Had it not been for Weasla's ever enjoyable company he would have been contemplating just abandoning them when they finally decided to return, probably, to their home.

It was a long walk and made all the longer by the fact that all of the 'Elves' acted like Blondie. Constantly prancing and laughing and singing. Their seemingly perpetual good cheer was enough to make Harry feel a little ill.

He'd always been suspicious of cheerful people. Cheerful people obviously had something planned.

Strangely the 'Elves' didn't live in a giant Mushroom or in an arboreal city. They lived in a cave. That was utterly disappointing. That said there was actually some magic to be seen here. The doors through which they passed opened and closed using magic and he noticed that when they closed they also locked fast.

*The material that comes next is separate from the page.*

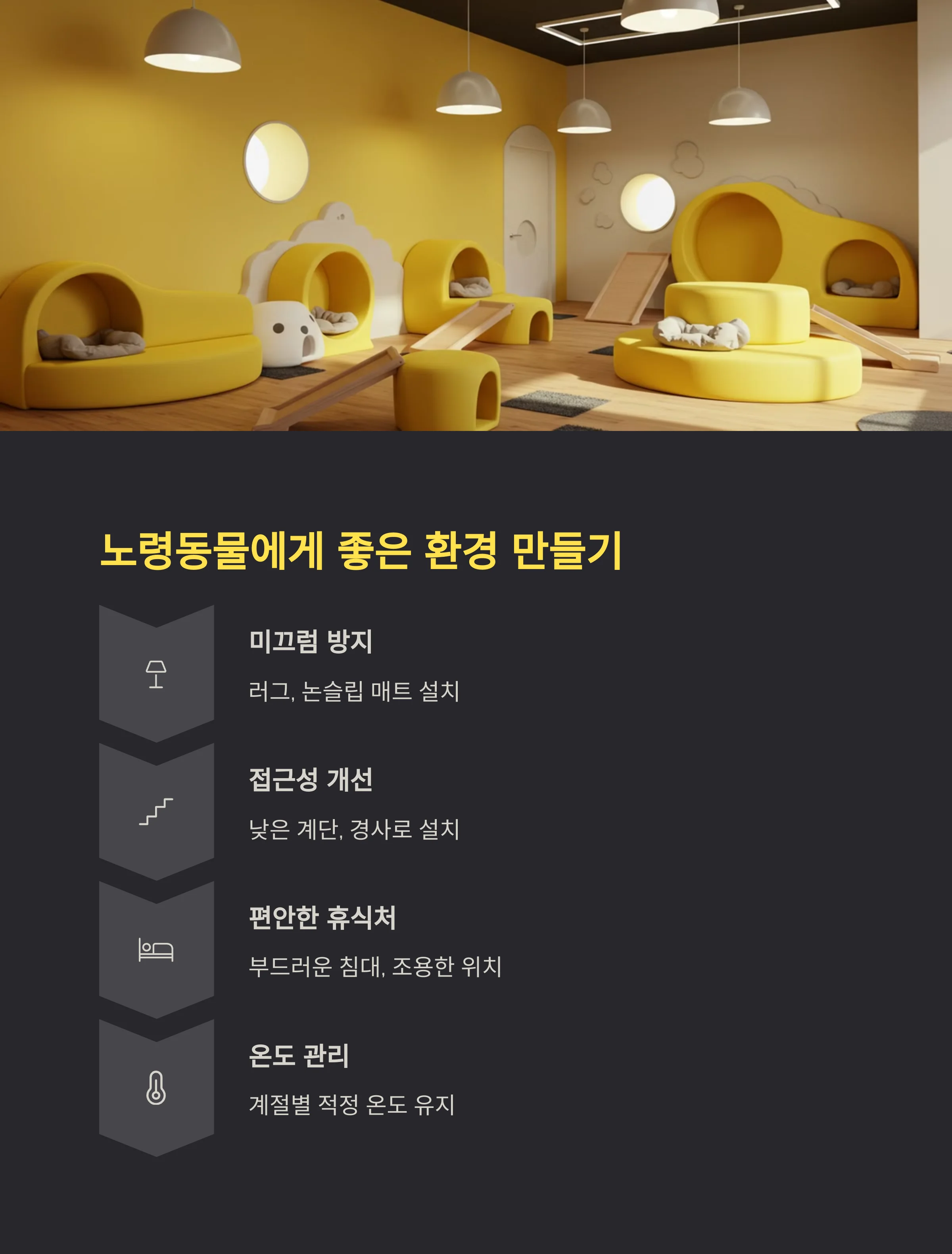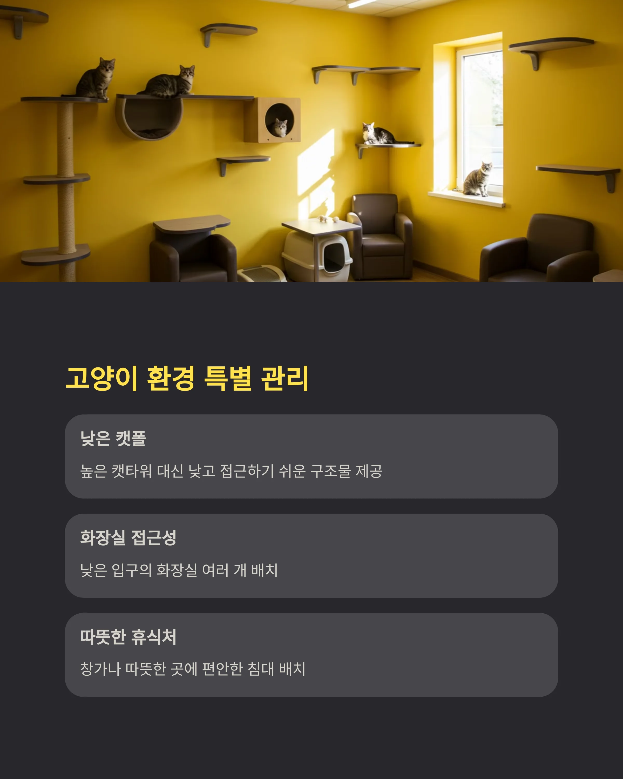 또한 계단이나 높은 곳을 오르내리기 어려워지기 때문에 **쿠션식 계단이나 경사로**를 설치해주는 게 좋아요. 고양이의 경우 캣타워보다는 **낮은 캣폴이나 바닥형 캣하우스**로 바꾸는 걸 추천해요. 🐾

That was a slight concern, but nothing too major. The doors might be charmed but he could easily blast a hole in the cave wall. Not that he'd ever need to. He could just Apparate back out into the woods if need be.

He was steered through the twisting maze of walkways and caverns, taking care to commit the entire layout to memory. You never know when you need to know the best place to set an ambush. Eventually they came to a throne room.

It was definitely a throne room. It had a throne in it. A big one. Sitting slouched in the rustic looking throne seemingly made of a living tree was yet another 'Elf'.

He looked the almost exactly the same as Blondie. And minus the hair they both looked very similar to all the other male 'Elves'. It was like they were a clone race or something. He was also running out of designations for them all, they had no defining features of note. It was getting frustrating. How could he keep track of the battlefield without tags for the other combatants?

Harry decided the bloke on the throne would be Luscious. He had the look of Lucius Malfoy about him, only even more so. It was curiously fitting.

Blondie strode to the man who glanced down at Harry condescendingly. Most people back home had learned that Harry didn't deal well with condescension. He made an actual physical effort to restrain himself. Physical violence rarely went down well in first contact scenarios.

Blondie spoke to the boss 'Elf' and once again Harry heard him explain that he was a moron in a very reasonable tone of voice then Lucy's eyes widened in shock much as they other 'Elves' had. His features immediately softened and he beckoned gently for Harry to come forward.

Harry rolled his eyes at that reaction again. Perhaps if he ever got back home he should consider doing his law enforcement job in the guise of a small child. People apparently loved that shit.

Nevertheless he walked forward, thoroughly tired of the coddling by now. It had been at least an hour since he'd had an opportunity to feel up the red headed babe. That was entirely too long to go without something to cheer him up.

"I'm guessing you don't understand me either, right?" he said flatly, once again reminded just how absurdly pretty his voice now was. His reward was a very slight furrowing of the brows. "Thought so," he muttered.

Lucy spoke again to Blondie briefly, then to Weasla and finally said something to Harry. Then it was clear that the meeting was over and he was dismissed.

Blondie tapped him on the shoulder, never knowing how close he came to losing an arm, and led him off.

He just needed to make it a couple of weeks. Then he could explain that they were all acting like idiots and had no idea how to conduct a military operation. Then he could go on his way and try to find a way home.

He wasn't sure they'd survive that long.